2.2. The goal of this project is to identify and create an AI-based conflict detection and resolution tool.

2.3. The simulation environment recreates realistic scenarios, in which ATCOs experience different levels of transparency and conformance; the research will measure the best trade-off between those two concepts and make conclusions according to it.

2.4. The new tools should provide operators with the ability not only to identify conflicts but also to give possible solutions to them. The suggested actions will derive from available data and learned lessons compared to similar air traffic situations and environments.

2.5. At this stage, the management of traffic and the final decision is still fully under human control and responsibility; the level of impact on the ATCO job will depend on how much these new tools can influence and/or limit its actions.

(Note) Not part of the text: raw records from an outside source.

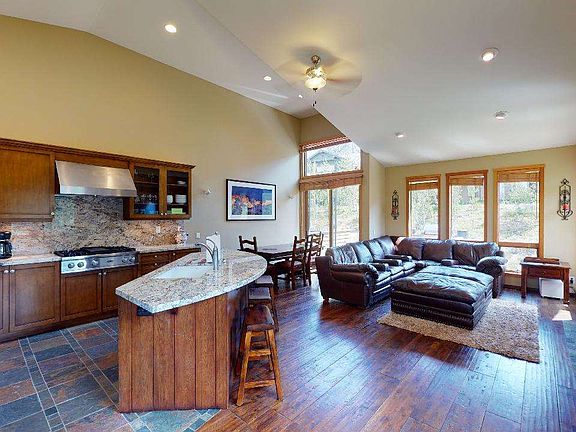 Beautifully remodeled Ridgeview floorplan with views of Mammoth rock and beyond. Slate floors in the entry, hallway bathrooms and kitchen with heated floors in the master bathroom and kitchen. Wood floors in the living and dining room and stairs. Granite counters and backsplash in the kitchen with beautiful cabinetry, wine refrigerator and a stainless steel Viking stove. Built-in cabinetry for TV, speakers and media storage surround a beautiful "Heat N Glo" gas fireplace. Remodeled master bathroom features two sinks, heated floors, new cabinetry and a large walk-in shower. Sold furnished.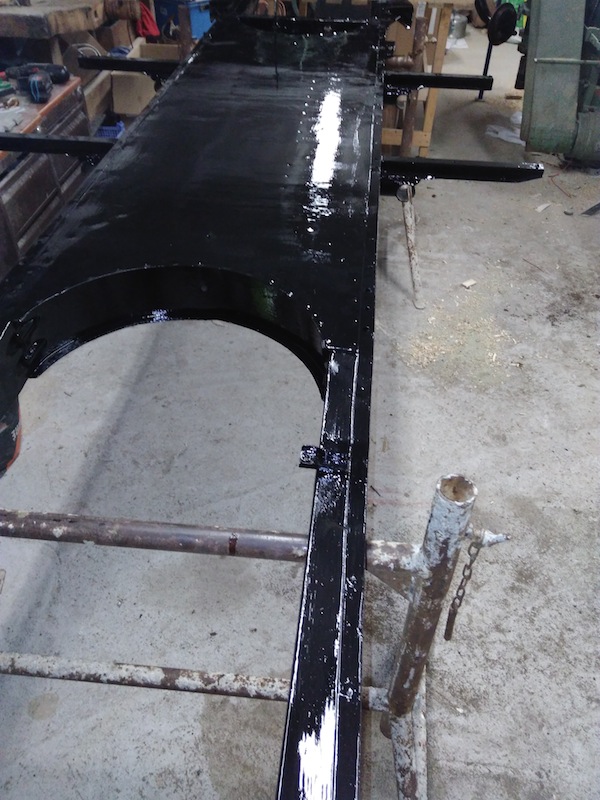 ensuite côté châssis, passage de l'antirouille au pinceau sur tous les éléments (châssis, essieux, batteurs,...) puis après séchage, passage d'une couche de noir + antirouille uniquement sur le châssis. Prochaine étape: couche finale noire antirouille sur le châssis et tous les éléments (essieux,...), puis antigravillon sur tôle inférieure châssis: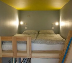 Хороший вариант. Вполне чисто. Близко к центру. Парковки нет, но машину можно оставить рядом с домом. За 1900₽ компактная отдельная комната . Две кровати, два яруса) наверху двуспальная, и внизу на одного. Санузел общий. Есть душ. Есть вендинговый кофе аппарат. Чистые простыни. Полотенце предоставили.Есть кондиционер в комнате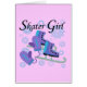 Notre T-shirts de conception de fille de patineur, tasses, sacs, cartes, coussins, horloges murales, souvenirs, sweat - shirts à capuche, et d'autres articles de patinage de thème comporte une paire de patins de bleu et de lavande et des mitaines sur une ficelle entourée par un bon nombre de flocons de neige hivernaux et de texte qui lit la fille de patineur !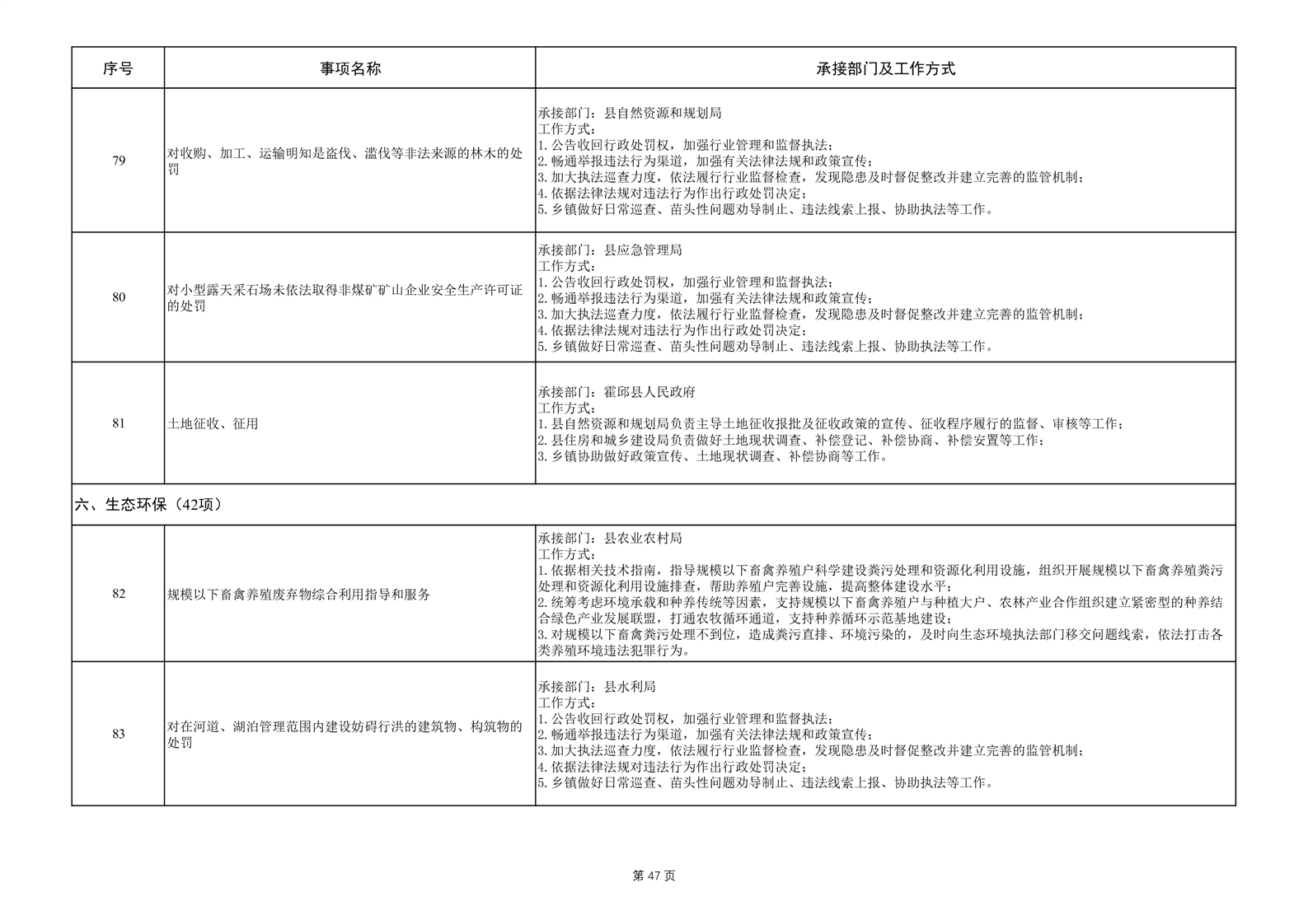 安徽省六安市霍邱县河口镇履行职责事项清单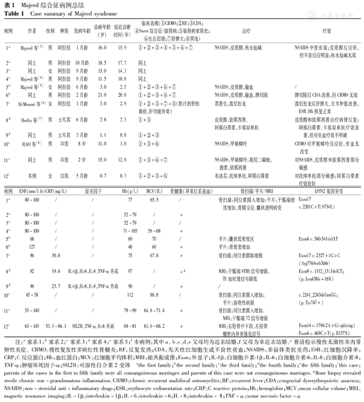 本研究以"Majeed综合征"或"Majeed syndrome"为检索词,对万方数据知识服务平台、维普中文科技期刊数据库、中国期刊全文数据库及PubMed数据库进行检索,国内尚未见报道,对PubMed的报道总结见表1。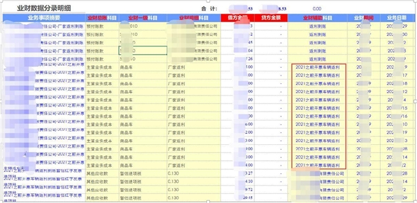 由于可能有系統(tǒng)初始化之前已銷售車輛的返利到賬,系統(tǒng)特別設(shè)置了2021之前開票車輛返利明細(xì)科目,便于數(shù)據(jù)區(qū)分。

2.6. It is not difficult to imagine that future development and application of this kind of software could potentially aim to achieve full operational control.

2.7. At that stage the systems must demonstrate they have reached the knowledge and capability to handle traffic situations, both normal and critical, assuring high standard levels in terms of safety and capacity (MAHALO Project, n.d.).

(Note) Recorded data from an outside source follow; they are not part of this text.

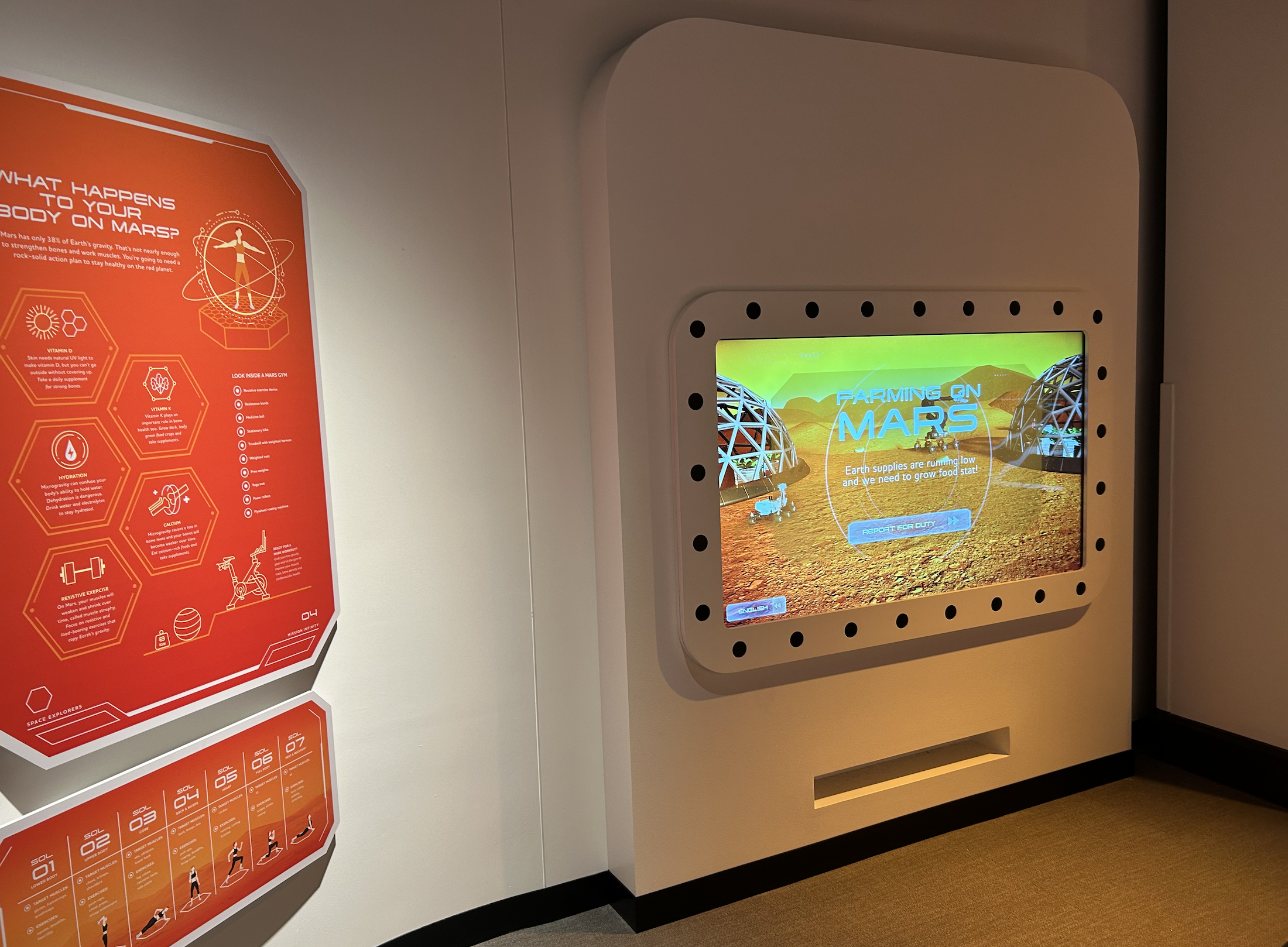 The Mars exhibit features an interactive farming game, a chance to program your own rover and a way to experience what it'd be like to play basketball in Mars' gravity.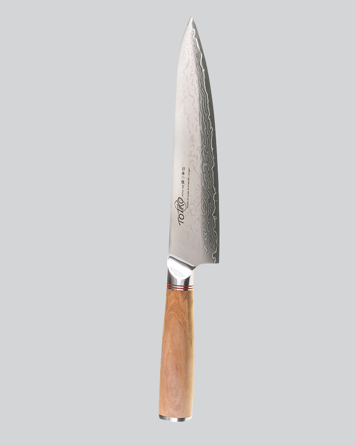 La sua lama da 21 cm presenta una affilatura a V, distintiva dei Coltelli da Chef giapponesi, che garantisce tagli precisi e minimizza lo sforzo, differenziandosi nettamente dai coltelli europei per leggerezza e maneggevolezza.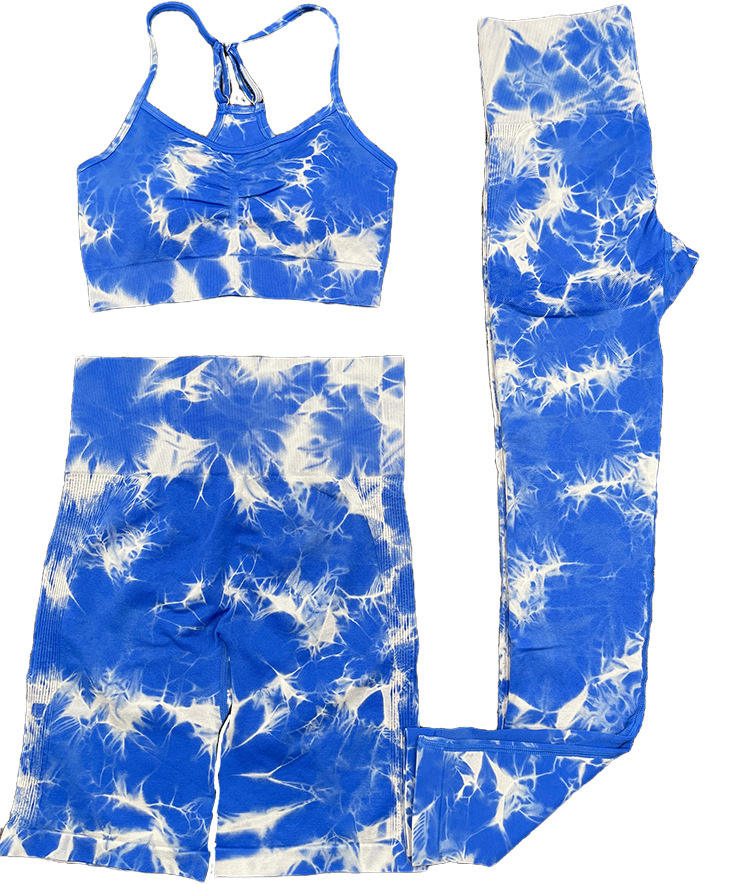 2 / 3 / 4 Pcs Tie Dye Gym Fitness Leggings corti Butt Lifting TieDye Soft Workout collant Tie-Dye regolabile reggiseno arricciato Yoga Set

2.8. Artificial intelligence and Automation to Air Traffic Management Systems (ARTIMATION) is a SESAR research project managed and developed by a consortium formed by Mälardalen University, Deep Blue, École nationale de l’aviation civile (ENAC) and Sapienza University.

2.9. In Air Traffic Management, the decision-making process is already associated with AI. The algorithms are meant to help ATCOs with daily tasks, but they still face acceptability issues. Today’s automation systems with AI/Machine Learning do not provide additional information on top of the Data Processing result to support its explanation, making them not transparent enough. The decision-making process is expected to become understandable, through a comprehensible process.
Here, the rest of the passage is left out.